▸ **SUPPLIED DATA**:
== Segment start ==
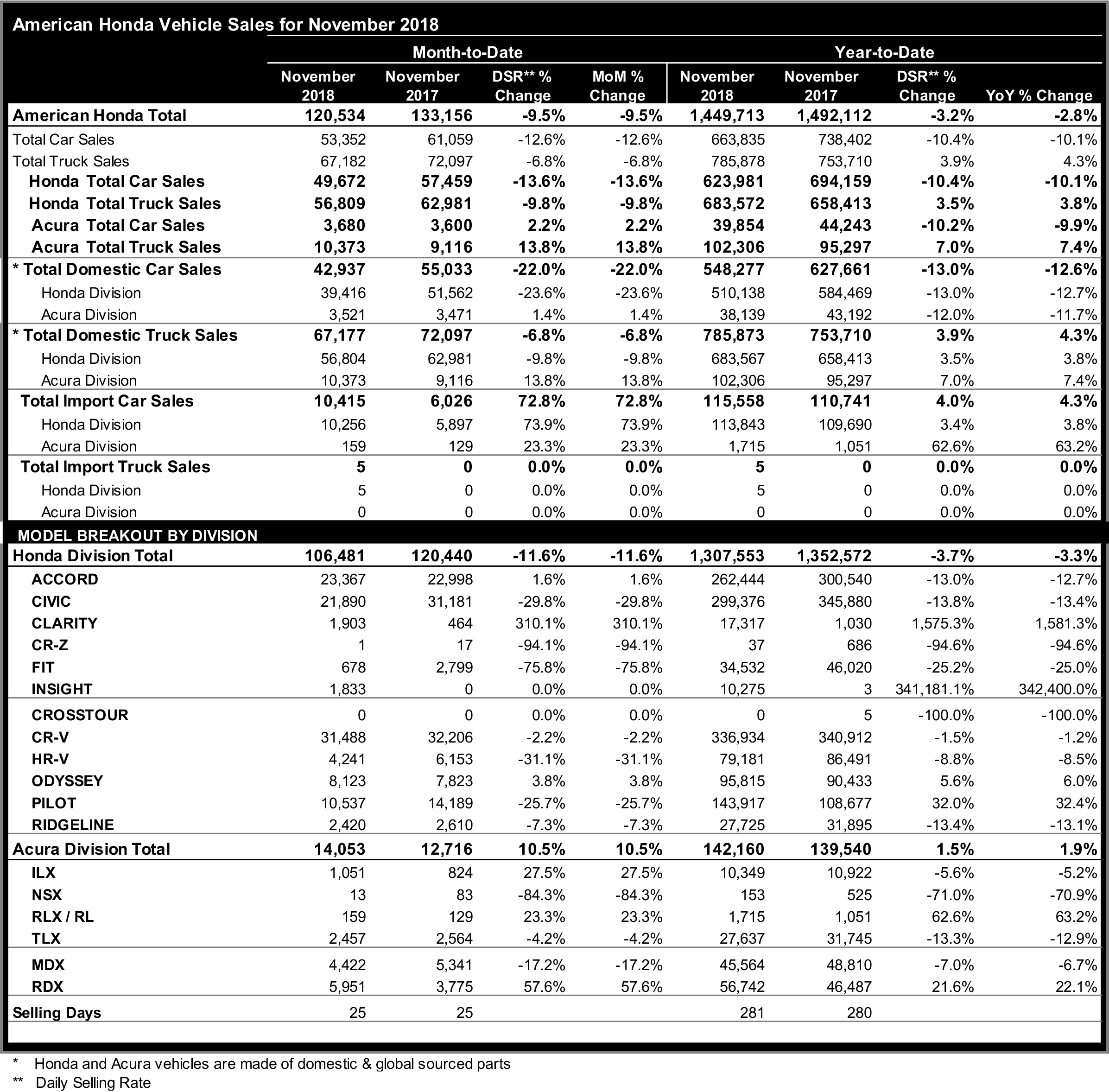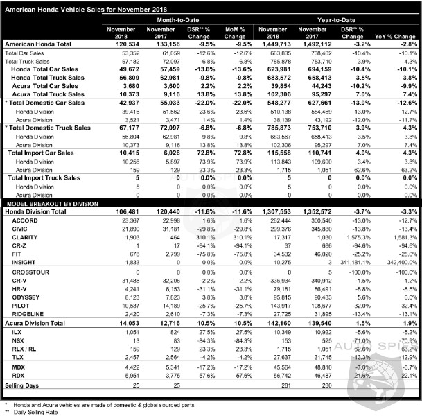 - Acura brand sales gained a total of 10.5% in November, with cars up 2.2% and trucks rising 13.8%.
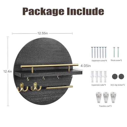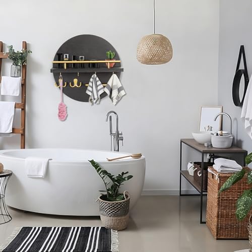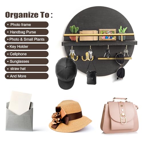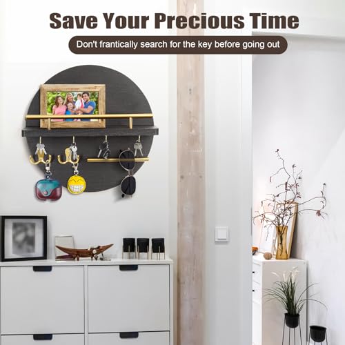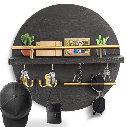 DAAIXC - سلسلة مفاتيح خشبية دائرية بنمط ريفي، مناسبة للمدخل الرئيسي، غرفة النوم، الرواق، المكتب والمطبخ، حامل مفاتيح حائط للمنزل (أسود)
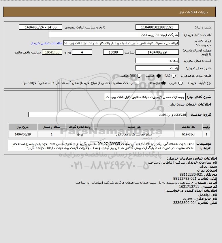 شرح کلی نیاز: بهسازی مسیر فیبرنوری میانه مطابق فایل های پیوست
== Segment end ==
▸ **WHAT THE TASK ASKS**: For this exercise, give the listing again exactly as written, with the pictures omitted.

▸ **TASK OUTPUT**:
 - Acura brand sales gained a total of 10.5% in November, with cars up 2.2% and trucks rising 13.8%.
 DAAIXC - سلسلة مفاتيح خشبية دائرية بنمط ريفي، مناسبة للمدخل الرئيسي، غرفة النوم، الرواق، المكتب والمطبخ، حامل مفاتيح حائط للمنزل (أسود)
 شرح کلی نیاز: بهسازی مسیر فیبرنوری میانه مطابق فایل های پیوست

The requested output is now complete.